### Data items
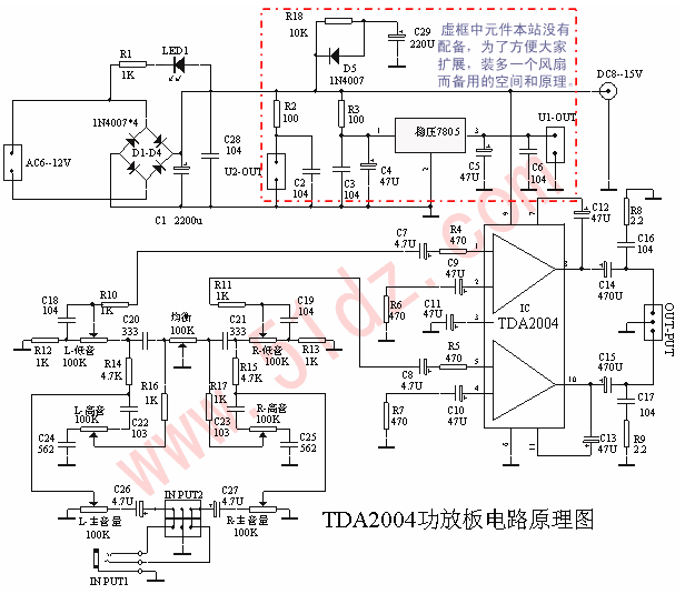 此汽车功放套件功放IC:TDA2004,功放板采用电脑设计,元件分布美观合理,板上自带整流器,可以直接输入交流电,也可以直接输入直流电。输入输出采用和电子实验套件相兼容的插针,扩展方便。本板使用方便简单,接上音箱、CD、VCD、DVD、MP3、电脑和电源即可工作。有音量控制、高音控制、左右声道均衡控制,采用全新正品元件。 本站有对应的光板和成品板销售,请在相关页面查找。 五一电子长期为大家提供实践动手的机会,想体验亲自动手装功放的朋友,请赶紧采取行动。 TDA2004也可用TDA2005或TDA2009代换。音响自装,成就自我。
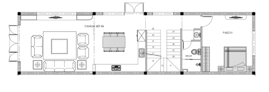 + Tầng 1: Phòng khách + Phòng bếp ăn + Phòng ngủ + wc
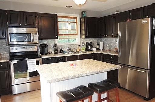 Don't miss out on this charming, three bedroom cape located in Indian Orchard! Spacious open floor plan with hardwood flooring, which includes a remodeled kitchen, dining room and living room with a wood burning stove for those colder days! Wall to wall carpets in all bedrooms. Master bedroom and half bath located on the first floor. Bonus rooms in the partially finished basement with washer and dryer hookup. Large backyard with plenty of room for kids to play or family gatherings. Very well maintained, with newer roof and siding!
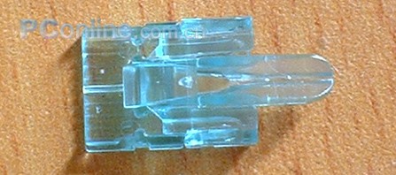 以下是水晶头的特写,这张是正面的,可以清晰的看到LUCENT字样,整体材质为半透明磨砂,手感不错,和百兆水晶头的那种全透明光滑表面不同。在LUCENT 这个logo的位置,原来是百兆网线水晶头的卡线器位置,用来固定后端的网线。这个千兆水晶头改用了另外一种卡线器,在后面的解剖中我会详细介绍。
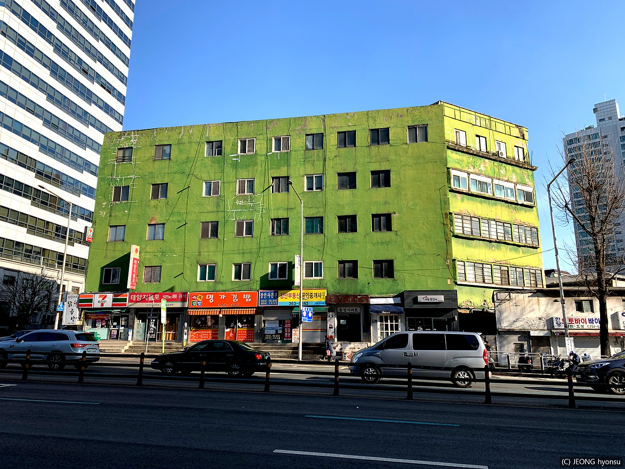 충정아파트를 지나면서 갑자기 든 생각, 저 아파트는 왜관을 왜 초록색으로 마감하였을까? 처음부터 그랬을까 아니면 세월이 흘러 덧입혀진 색일까? 칠이 벗겨진 상황을 보니 덧입힌적도 없고, 원래부터 초록색이었을 것 같긴한데...
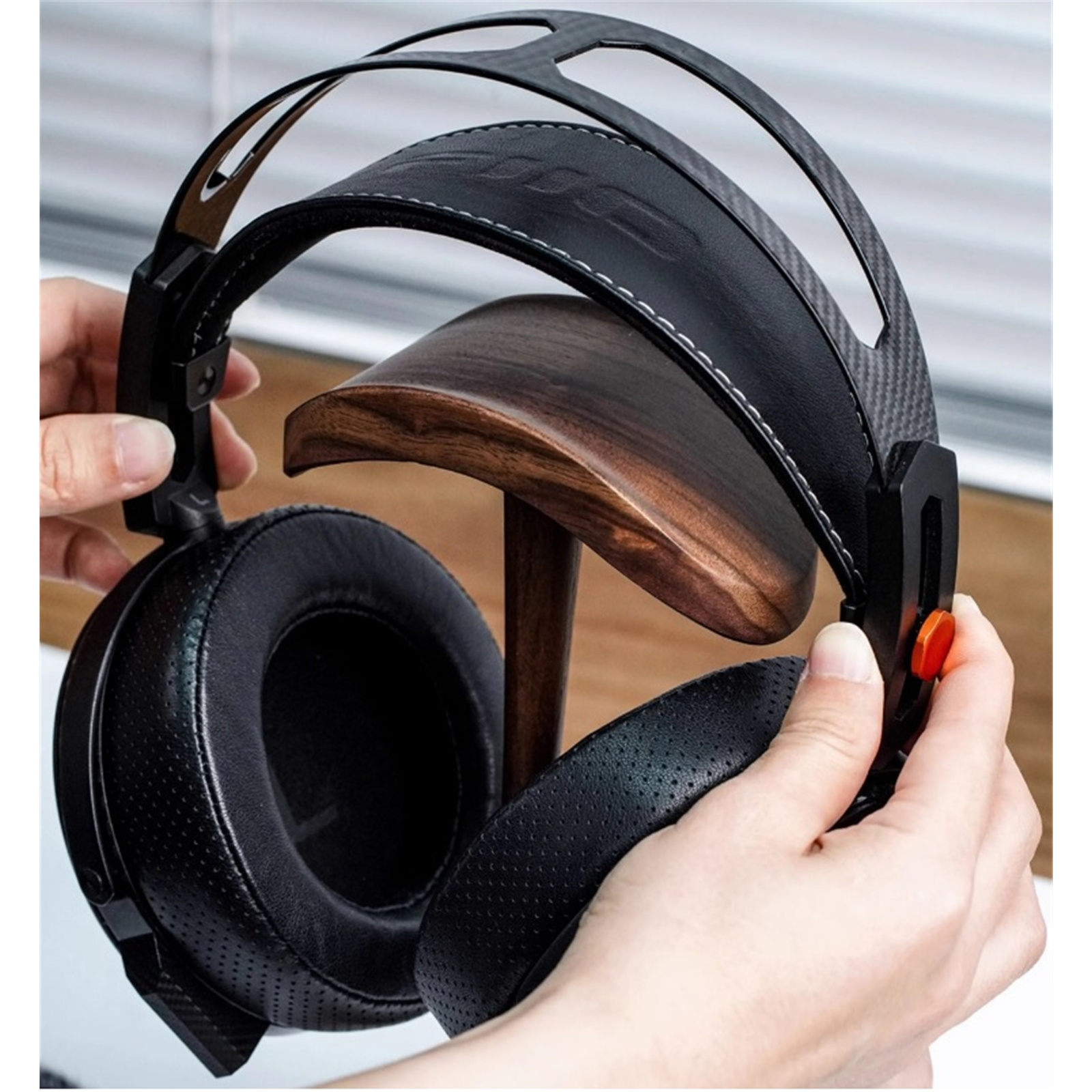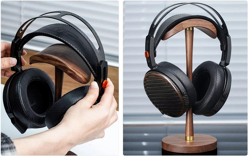FiiO HS21 Premium Wooden Headphone Stand - Black Walnut - Precision-crafted from solid North American black walnut - Arched support surface + anti-slip pads - Widely compatible with headphones & gaming headsets
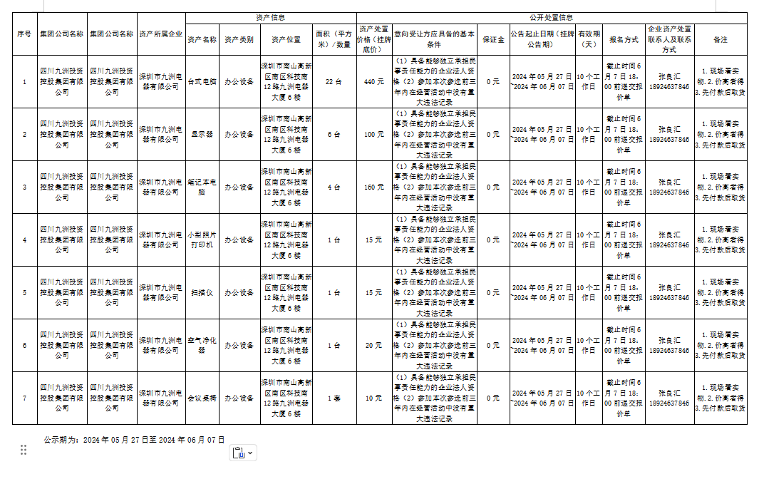 深圳市九洲電器有限公司資產(chǎn)處置公告
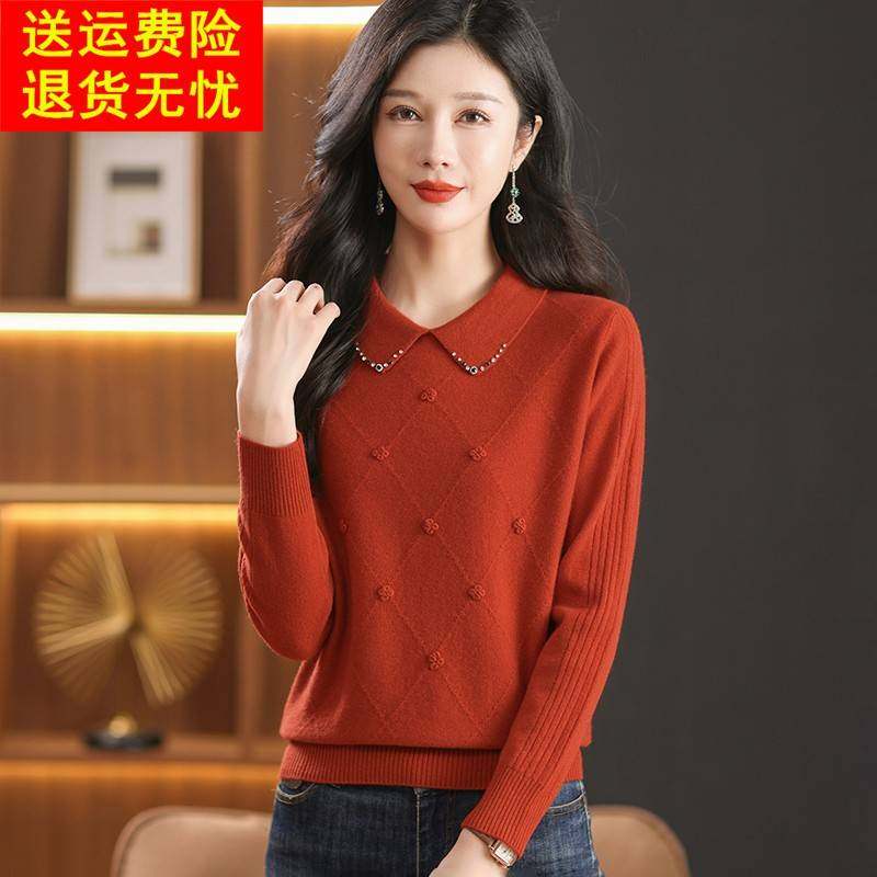 套头POLO领毛衣打底针织衫100%纯羊毛女秋冬宽松大码贴钻上衣春装

### Exercise requirements
Reproduce word for word the lines from the line with "深圳市九洲電器有限公司資產(chǎn)處置公告" to the end of the entries above, both included, but leave the pictures out.

### Response to this exercise
 深圳市九洲電器有限公司資產(chǎn)處置公告
 套头POLO领毛衣打底针织衫100%纯羊毛女秋冬宽松大码贴钻上衣春装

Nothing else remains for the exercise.